There are two branches of religious life: "...monastic communities, witnesses to the praying face of the ecclesial community; apostolic religious communities and secular institutes" (In Verbo tuo). Those who are chosen to lead an apostolic life are able to go out and serve the community, whereas those who live a monastic life are enclosed from society.
There are many types of congregations and communities all around the world, where each has different charisms and a mission based on the founder/ founders of the congregation. They make vows of poverty, chastity and obedience, and often live in communities.
Two people (male and female as God created them to be in Genesis 3:12) are united in a lifelong partnership in holy matrimony, to be with each other in good times and in bad, in sickness and in health, until death. Since these are vows given in front of God, the two are bonded in marriage for life.
According to the Catechism of the Catholic Church, Jesus gives the grace to live an exemplary married life, "By coming to restore the original order of creation disturbed by sin, he himself gives the strength and grace to live marriage in the new dimension of the Reign of God" (CCC 1652).
From the beginning, God created them to be man and woman so that they are open to the supreme gift of marriage: children. Parents have the responsibility to educate and bring up children in the commandments of God.
From the time of the early Church, there have been lay men and women who have reserved themselves for the Bridegroom. They, for the sake of the kingdom of heaven, make a conscious decision to live a life of celibacy to serve God and the community.

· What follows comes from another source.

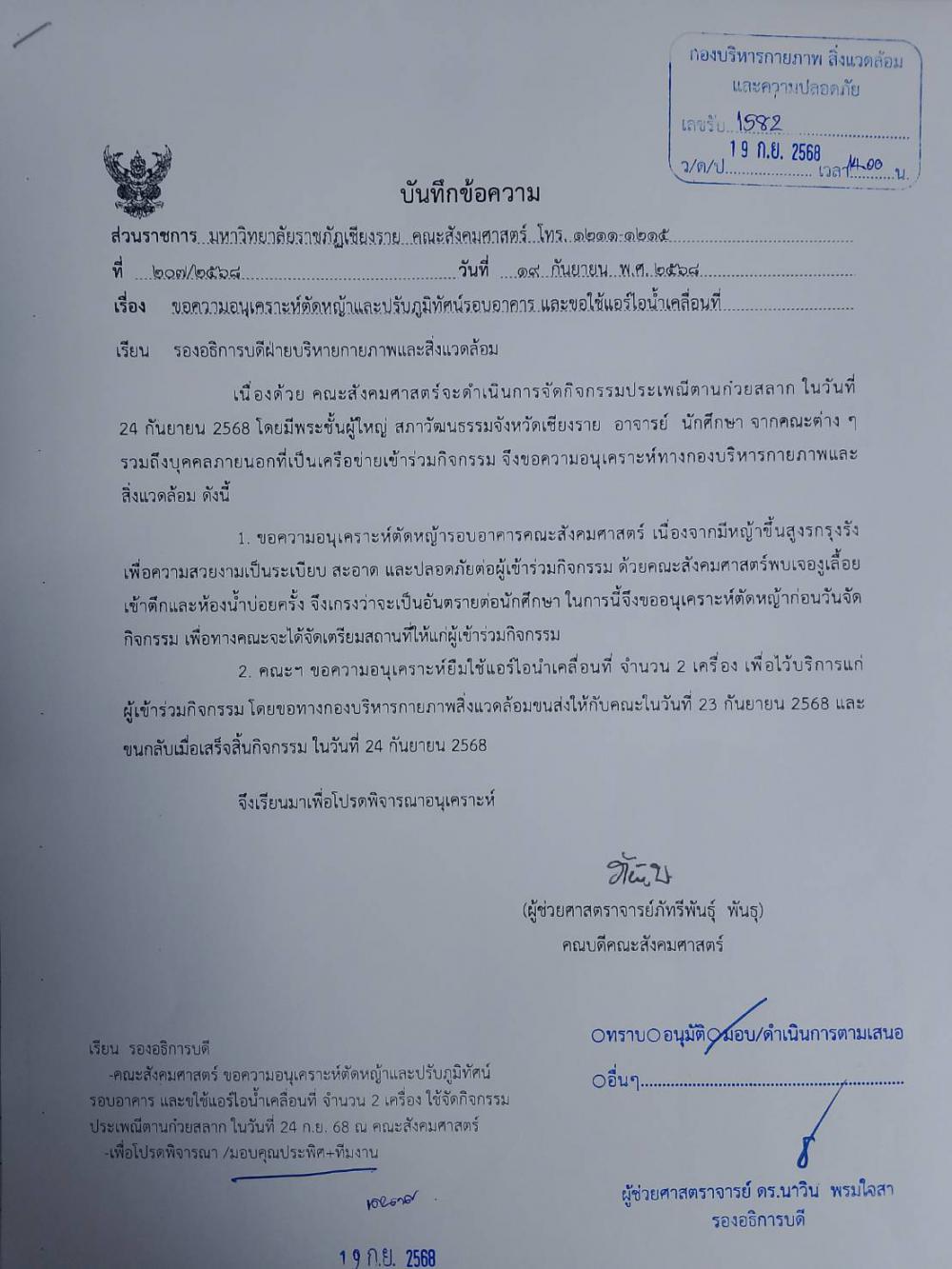 22 กันยายน 2568 07:56:02 นายประพิศ วงค์คำเครื่อง อัพเดทเป็นรอดำเนินการ

They take on more responsibility towards the common good of all people.
There is no formal confirmation process as there is for other vocations, so they have the freedom to make private vows. However, there are some who chooses to make public vows in a church. There are some who chose a life of apostolic celibacy who choose to either live in a community or live on their own.
The Call to Work
God also calls us to do some kind of work, which may include volunteering, a career, occupation, profession or employment, and the use of our gifts and talents as a service to others. Through the call to work, we build up God’s kingdom in different ways, for example, engaging in works of mercy, being part of a Church group or society and living out a particular charism. It builds up society, reflecting the love of Christ. This kind of work does not exploit or take advantage of others, but brings about meaningful work that produces value to humankind. It is a beautiful way of sacrificing oneself in service of others to become more like Christ.